Como você trabalha para estimular uma maior percepção nessa população em situação de rua?

A primeira coisa necessária é o olhar diferenciado para a população em situação de rua. Porque não podemos nos contentar apenas com as respostas que escutamos. A rua tem uma semiologia particular. Há casos de pacientes que quando perguntados se têm algum problema de saúde, respondem não. E aí, num segundo contato você observa que ele tem uma tosse crônica, uma hérnia, sinais e sintomas que não relatou porque nem percebia mais como anormais. Nós vamos tentando resgatar essa percepção aos poucos, para que a pessoa comece a entender que vive com um problema com o qual não precisaria viver e que tem a possibilidade de recorrer ao serviço de saúde.

E aí esbarra-se em outro problema que é a questão do acesso? Essa população de fato tem dificuldades de acessar os serviços públicos oferecidos?

Esse é um problema grave. Embora o acesso aos serviços públicos de saúde seja muitas vezes difícil para qualquer cidadão, no caso da população em situação de rua, há agravantes. Para se conseguir atendimento é preciso chegar muito cedo ao posto e esperar varias horas. O morador de rua com freqüência precisa sair para pegar o almoço, senão, so vai comer de noite. E a lógica da sobrevivência. Comida primeiro, médico depois. Em segundo lugar, é comum que o morador de rua esteja com roupas sujas e/ou não tenha tomado banho, o que faz com que ele seja mal recebido na sala de espera de um posto de saúde ou mesmo de um hospital. Muitas vezes ele é discriminado e sofre preconceitos de usuários e/ou funcionários dos serviços de saúde. A falta de documentação também apresenta-se como problema freqüente para o acesso do morador de Rua aos serviços públicos. O resultado final de tantas dificuldades é a busca por ajuda apenas em último caso. Assim, muitas questões de saúde tornam-se crônicas e por isso mais difíceis de resolver.
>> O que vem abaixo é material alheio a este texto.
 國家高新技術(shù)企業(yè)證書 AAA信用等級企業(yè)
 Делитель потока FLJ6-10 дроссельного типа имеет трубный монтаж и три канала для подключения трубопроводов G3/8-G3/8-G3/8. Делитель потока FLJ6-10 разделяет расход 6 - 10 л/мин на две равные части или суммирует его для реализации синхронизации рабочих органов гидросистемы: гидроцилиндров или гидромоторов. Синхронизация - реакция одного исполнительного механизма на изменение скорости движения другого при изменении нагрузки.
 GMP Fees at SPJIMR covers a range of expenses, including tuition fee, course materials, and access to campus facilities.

E como o projeto Meio-fio tem contribuído para facilitar esse acesso à saúde?

O projeto Meio-fio age em três frentes basicamente. Trabalhamos com instituições que lidam com população de rua, tentando sensibilizá-las e compartilhando informações sobre o trabalho com essa população. Trabalhamos nas ruas, ouvindo as demandas dos moradores e encaminhando-os para serviços com os quais tenhamos feito contato anterior. Não só instituições de saúde, mas também outras onde ele possa tirar documentos, tomar banho, cortar o cabelo, etc… Ele chega nesse local com um encaminhamento por escrito e com um resumo de sua historia . Isso facilita a abordagem do profissional que vai recebê-lo. A terceira frente é a sensibilização da sociedade, através de estratégias de comunicação, como por exemplo a exposição fotográfica que pode ser vista no site de MSF atualmente.
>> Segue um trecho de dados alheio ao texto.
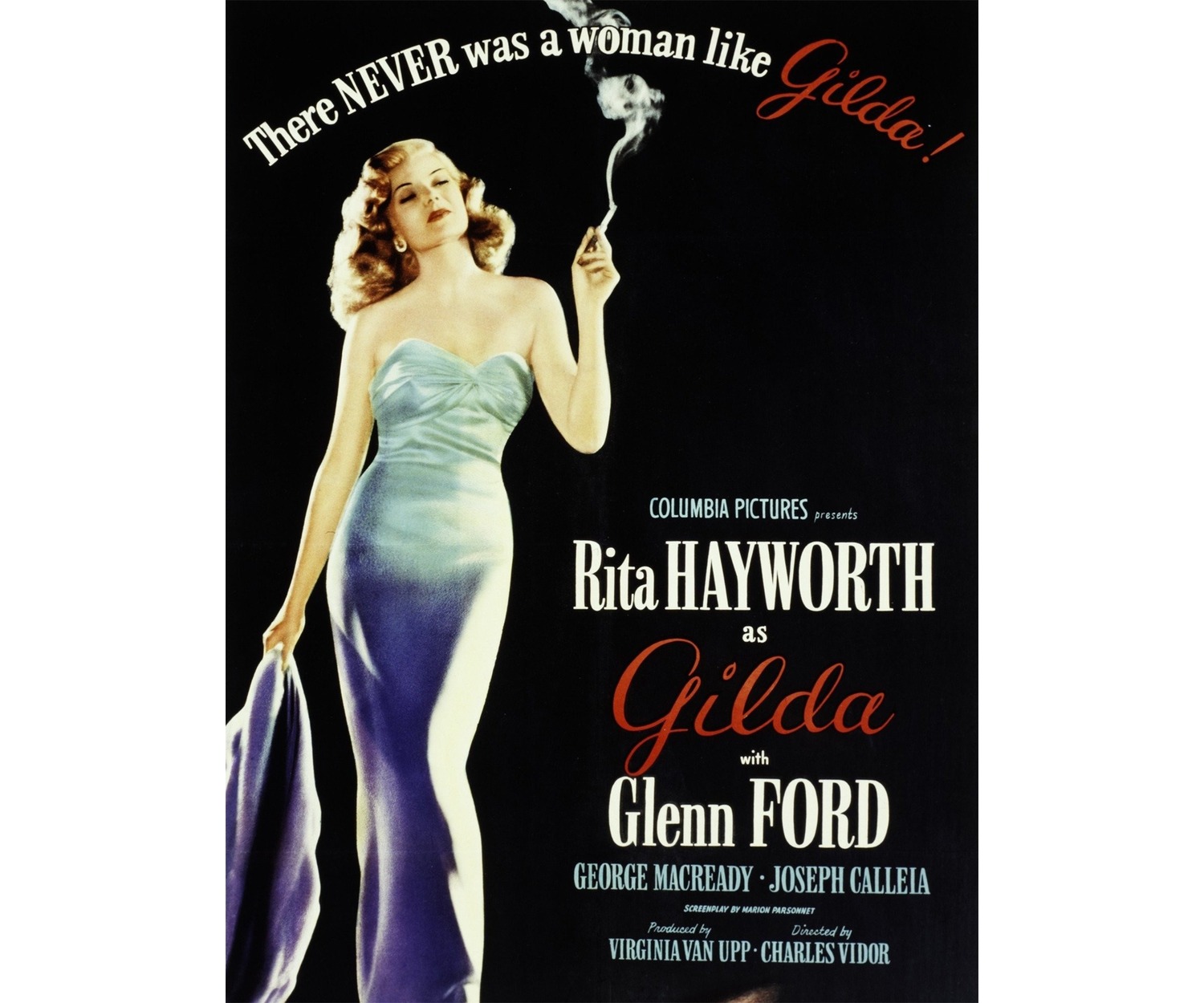 This black-and-white masterpiece runs 110 minutes and stars Rita Hayworth, Glenn Ford, George Macready, Joseph Calleia, Steven Garay, and Joe Sawyer.

Você acredita que as questões da dificuldade de acesso e da percepção de saúde estão relacionadas a uma baixa auto-estima?

Com certeza. O morador de rua não se vê como cidadão. E não se vê como alguém que tem direitos. Muitas vezes eles nos agradecem muito pelo trabalho, e nós procuramos mostrar que não é favor, é um direito que eles têm. Acredito que haja uma desesperança crônica. Eles vão várias vezes num serviço, são mal atendidos, discriminados e muitas vezes acabam não retornando. Habituam-se a conviver com problemas de saúde, e os problemas acabam virando crônicos. Porque eles não têm mais esperança, não acreditam numa solução. Muitas vezes não acham nem que mereçam. E nós procuramos trabalhar isso, criando vínculo, ganhando confiança, e depois tentando mostrar a eles que há possibilidade de se cuidar e ser cuidado, buscar trabalho, uma vida diferente. Sempre respeitando o desejo de cada um. O projeto Meio-fio não deseja obrigar ninguém a mudar de vida. Deseja ser ponte, apontar caminhos possíveis, formar redes, ajudar a população de rua a resgatar sua cidadania.